Bug #114435 Incorrect query results caused by the subquery optimization.
Submitted: 21 Mar 6:56 Modified: 24 Mar 7:48
Reporter: John Jove Email Updates:
Status: Not a Bug Impact on me:
None 
Category:MySQL Server: Optimizer Severity:S1 (Critical)
Version:8.0.36 OS:Any
Assigned to: CPU Architecture:Any

[21 Mar 6:56] John Jove
Description:
I run the following test case, in which the SELECT statement is expected to return an error, since subquery returns more than 1 row. Instead, a query result is returned.

How to repeat:
DROP TABLE IF EXISTS t1;
CREATE TABLE t1 (c1 INT);
INSERT INTO t1 VALUES (1),(2);
SELECT c1 FROM t1 WHERE !((1 IS UNKNOWN) AND (((SELECT c1 FROM t1) NOT BETWEEN 1 AND 2) IN (SELECT c1 FROM t1))); -- actual: {1,2}, expected: error
[21 Mar 7:34] MySQL Verification Team
Hello John,

Thank you for the report and test case.
Verified as described.

regards,
Umesh
[22 Mar 7:17] Roy Lyseng
Posted by developer:
 
Not a bug.
The optimizer sees that the predicate (1 IS UNKNOWN) is false,
hence it does not have to evaluate the second part of the AND,
and thus it will never see that the subquery evaluation should
lead to an error.
[24 Mar 7:48] John Jove
Thanks for the detailed explanation.

However, such evaluation order seems not to be deterministic. It means that the error part of AND clause can be evaluated first sometimes despite the FALSE operand, and an error is retuned.

I construct two interesting test cases as follows.
DROP TABLE IF EXISTS t1;
CREATE TABLE t1 (c1 INT);
INSERT INTO t1 VALUES (1); -- only one row
SELECT c1 FROM t1 WHERE ((SELECT c1 FROM t1) NOT BETWEEN 1 AND 2) NOT IN (SELECT c1 FROM t1); -- {1}

DROP TABLE IF EXISTS t1;
CREATE TABLE t1 (c1 INT);
INSERT INTO t1 VALUES (1),(2); -- more than one row
SELECT c1 FROM t1 WHERE ((SELECT c1 FROM t1) NOT BETWEEN 1 AND 2) NOT IN (SELECT c1 FROM t1); -- [21000][1242] Subquery returns more than 1 row

From the above results, this kind of error seems to be checked in the runtime, not statically or grammar-level. Is it correct?
[3 Apr 6:18] Roy Lyseng
Since the execution plan is laid out by the optimizer, it is quite true that whether to issue an error or not may seem non-deterministic. It is entirely up to the optimizer to determine whether a sub-plan needs to be executed or not, and in which order - thus the term "optimizer".

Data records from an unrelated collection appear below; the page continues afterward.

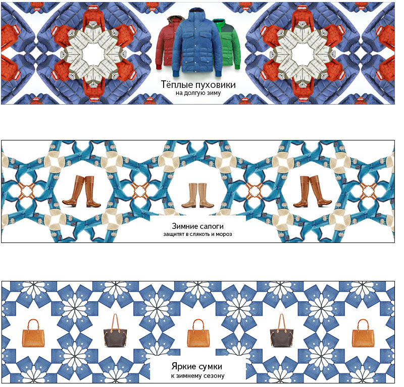 The Wardrobe section of the Yandex.Market website collects information about millions of brand clothing items available in online and offline stores in Russia. New campaign materials demonstrate the multitude of offers with kaleidoscope patterns.
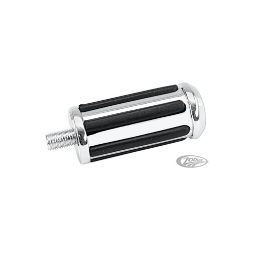 Streamliner foot pegs, also known as footrests, feature a thick one-piece rubber inside to absorb vibration and are covered by a sleeved chrome plated cover to add a touch of class to your bike. These Genuine Zodiac pegs are stronger than most the same looking pegs on the market. A matching style kickstart pedal is also available.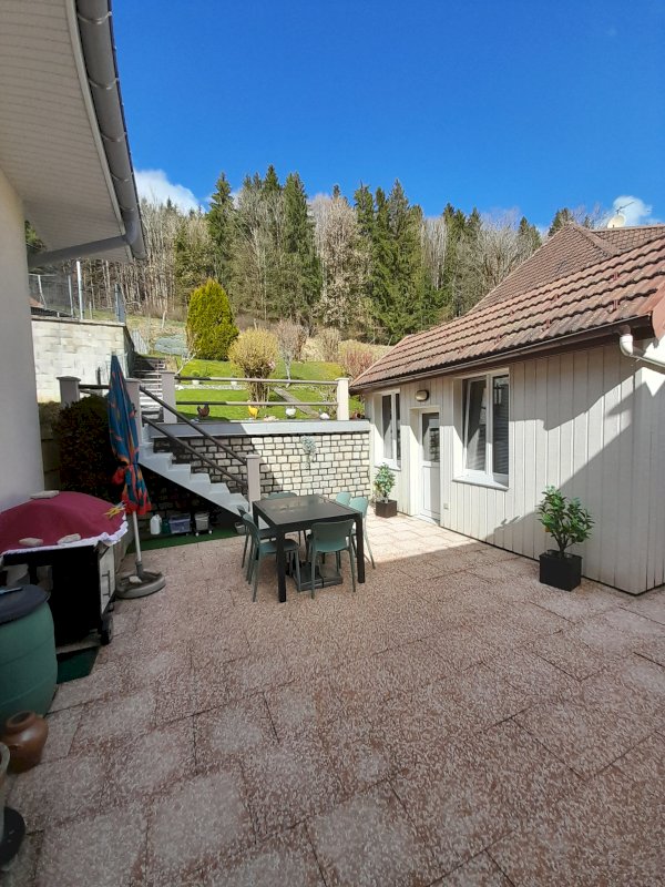 A vendre proche de Morteau et de ses commodités : maison de 86,17 m² avec terrasse de 44 m², cabane de jardin aménagées et du terrain 385 m².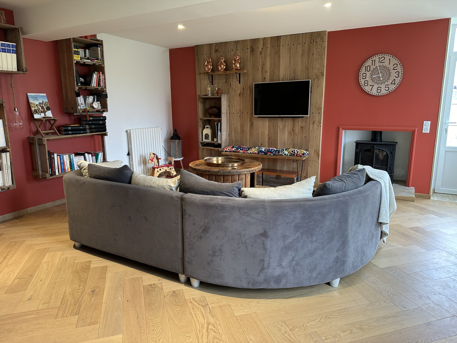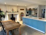 Elle se compose d'une belle entrée sur carreaux de ciment. Grand salon de 30m2 avec poêle et parquet en chêne massif. Salle à manger de 27m2 extremement lumineux. L'ilot central et les équipements modernes mariés avec la cheminée massive font de la cuisine une réelle pièce de vie avec une superficie de 27m2 et un confort assez rare apporté par un traitement des murs en chaux/chanvre. Le rez de chaussée se compose également d'une grande buanderie/bureau de 27m2 ainsi qu'une cave et accés direct au garage.

And the execution is also obviously dependent on the data in the table - one (or zero) rows mean success, more than one row means failure.

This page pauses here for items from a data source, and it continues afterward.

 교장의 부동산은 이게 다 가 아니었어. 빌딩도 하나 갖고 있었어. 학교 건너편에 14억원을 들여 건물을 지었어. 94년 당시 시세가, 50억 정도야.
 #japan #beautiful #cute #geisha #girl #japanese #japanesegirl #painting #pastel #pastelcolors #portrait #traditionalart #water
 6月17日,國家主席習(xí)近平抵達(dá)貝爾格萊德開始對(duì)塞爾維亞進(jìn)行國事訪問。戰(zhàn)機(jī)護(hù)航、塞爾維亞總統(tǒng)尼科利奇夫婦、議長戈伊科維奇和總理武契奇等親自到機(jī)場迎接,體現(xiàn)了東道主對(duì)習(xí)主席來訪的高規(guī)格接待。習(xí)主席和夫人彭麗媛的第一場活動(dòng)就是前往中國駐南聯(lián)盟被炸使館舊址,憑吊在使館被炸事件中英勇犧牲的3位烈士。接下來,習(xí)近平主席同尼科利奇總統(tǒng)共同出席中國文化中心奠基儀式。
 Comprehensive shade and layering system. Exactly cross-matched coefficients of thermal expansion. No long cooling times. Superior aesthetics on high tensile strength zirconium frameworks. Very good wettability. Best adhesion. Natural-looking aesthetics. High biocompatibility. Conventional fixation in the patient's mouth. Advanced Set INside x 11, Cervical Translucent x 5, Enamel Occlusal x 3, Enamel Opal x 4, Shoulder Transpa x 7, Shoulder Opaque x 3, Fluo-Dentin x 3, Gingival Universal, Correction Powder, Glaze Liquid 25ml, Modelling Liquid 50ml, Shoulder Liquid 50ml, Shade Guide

Notice also that reporting an error here may be taken as an evidence of bad database design, or unwashed data. Usually a normalized database will use a unique index or similar to ensure that max. one row qualifies to the scalar subquery. Or it will be a set or rows that is aggregated into one row.